Initial data analyses were performed with the statistical software Analyse-it® (Analyse-it Software, Ltd., Leeds, UK) for Microsoft Excel (Version 2.20 Microsoft Office v 2010; Microsoft Corporation, Redmond, WA, USA). To assess the effect of midazolam on blood analytes, analyte values of Passeriformes receiving midazolam were compared with those obtained from the same species of passerines collected in the previous years which did not receive midazolam.19 Species were grouped for comparison of values via Kruskal–Wallis one-way analysis of variance when species numbers were greater than two and had at least one bird in the sedated and nonsedated categories (Table 3).
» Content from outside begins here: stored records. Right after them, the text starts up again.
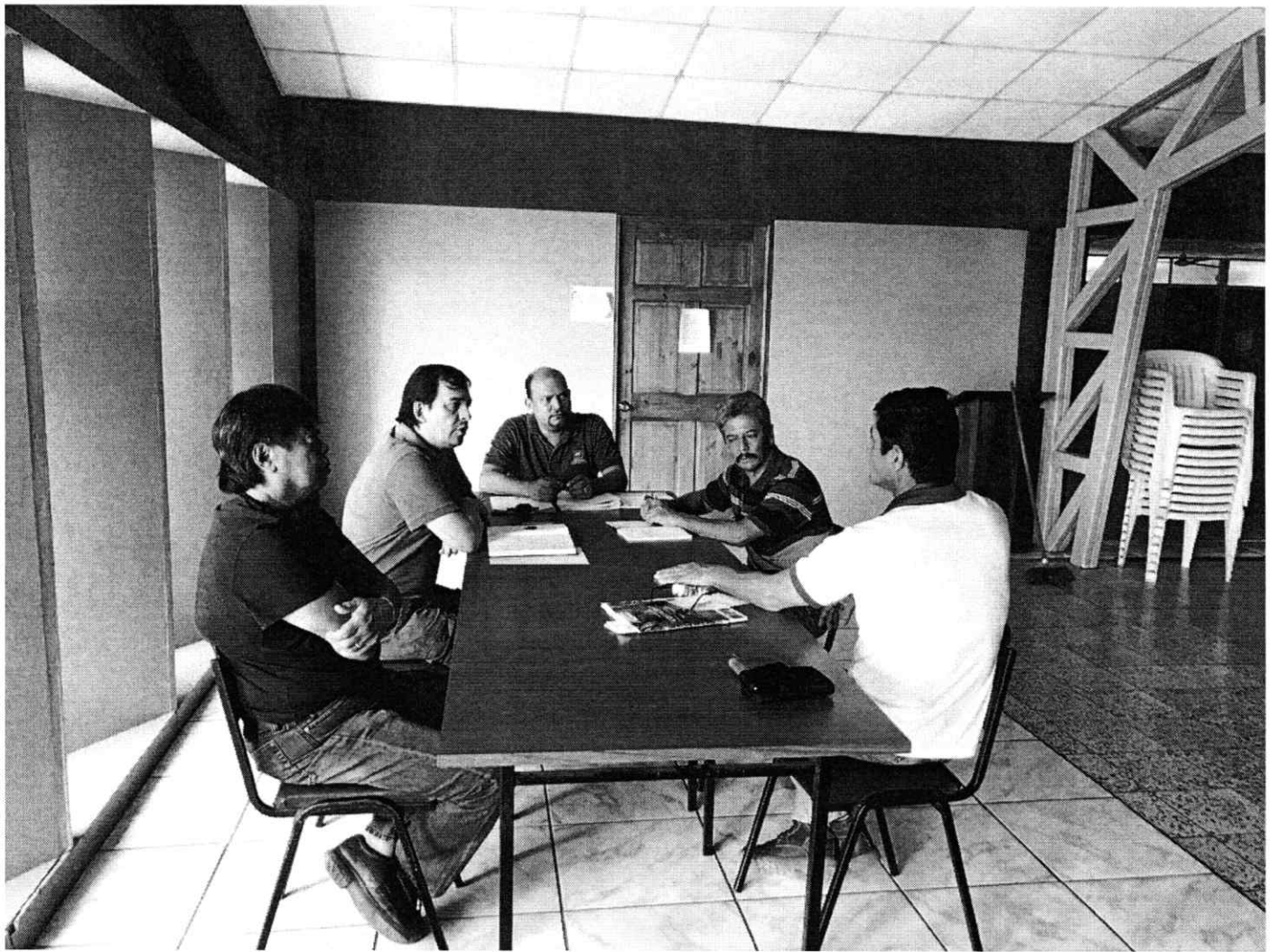
Figura 4. Reunión con el Ingeniero forestal de la Cámara de Ganaderos, con participación del MAG y PNUD dando seguimiento al proyecto.
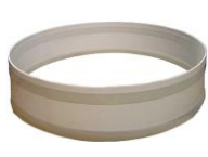
nástavec na ČOV
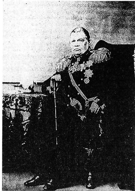
Fotografia 1. Michail N. Murawiew (1796–1866).
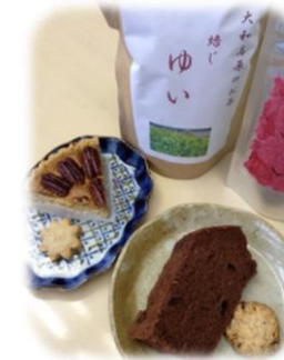
自然の恵みで作られた 奈良のお茶「ゆい」

運営スタッフも自主避難者です。震災後ずっと気を張り続けてきたお母さんお父さん、子供達も。ここには仲間が沢山います。愚痴ってもいいよ。泣いてもいいよ。仲間と一緒に心のデトックスして、みんなからパワーを頂いて、またたくさん笑いましょう。避難者じゃなくても、この国でどうしたら安全に暮らしていけるか考えている方も、是非いらしてください。この場所で、普段できない話ができると思います。あなたとお逢いできる日を、楽しみにお待ちしております。
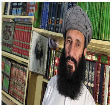
ملا محمد قلم الدین

سال تولد وی 1953 میلادی می باشد. وزیر امر به معروف و نهی از منکر و وزیر عدلیه از سال 1997 الی 2001 میلادی بود، بعد از آن طالبان را ترک کرد.
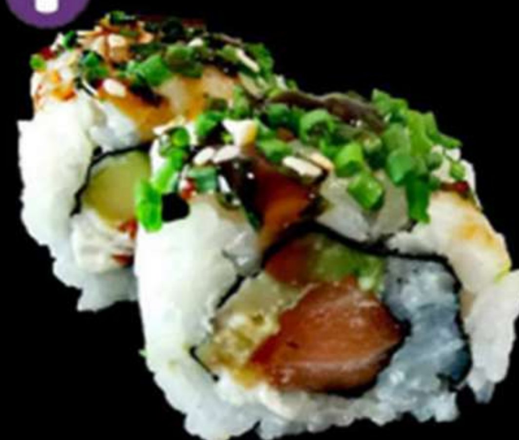
80.HANA MAKI CON CIBOULETTE (4u)

Salmó, alvocat, formatge PHL i ciboulette Salmón, aguacate, queso PHL ciboulette
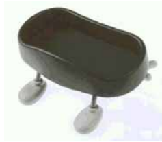
C0-12 登録 1024209 自動車用小物トレイ
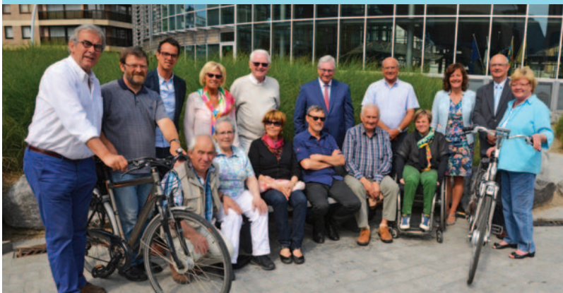
De organisatoren van de fietszoektocht in gezelschap van het college van burgemeester en schepenen.

Het traject van ca. 35 km loopt langs verscheidene bezienswaardigheden zoals o.a. de Hoge Blekker, de Zuid-Abdijmolen, de gerestaureerde Sint-Pieterskerk, het Florishofmuseum, de Sint-Willibrorduskerk, de Florizoonebrug, Koksijde Golf ter Hille, Navigo-museum, Abdijmuseum Ten Duinen, het Paul Delvauxmuseum,

Analysis of variance was used to assess the effect of midazolam dose (mg/kg) on bird sedation score. Kruskal–Wallis one-way analysis of variance assessed the effect of Hct on BUN. A Bland–Altman plot was used to determine the agreement of Hct and PCV for all samples. Additional statistical analysis was performed with R for mixed modeling.26 The effect of selected variables on iSTAT-1 values was assessed using a linear mixed model with iSTAT-1 values as outcome variables; age, sex, midazolam sedation (1 or 0), and interactions as fixed effects; and species as random effect. Residual plots were used to assess linearity, homogeneity of variances, normality, and outliers. A type III analysis of variance was performed on the fixed effects and post hoc comparisons were performed using a Tukey adjustment. When necessary to meet assumptions of the linear mixed models, log transformation of the outcome variables was used. When assumptions of the linear models could not be met, a two-sample Wilcoxon test was performed on the iSTAT-1 values to assess the effect of midazolam sedation, sex, and age separately. Alpha of 0.05 was used for significance for all statistical outcomes.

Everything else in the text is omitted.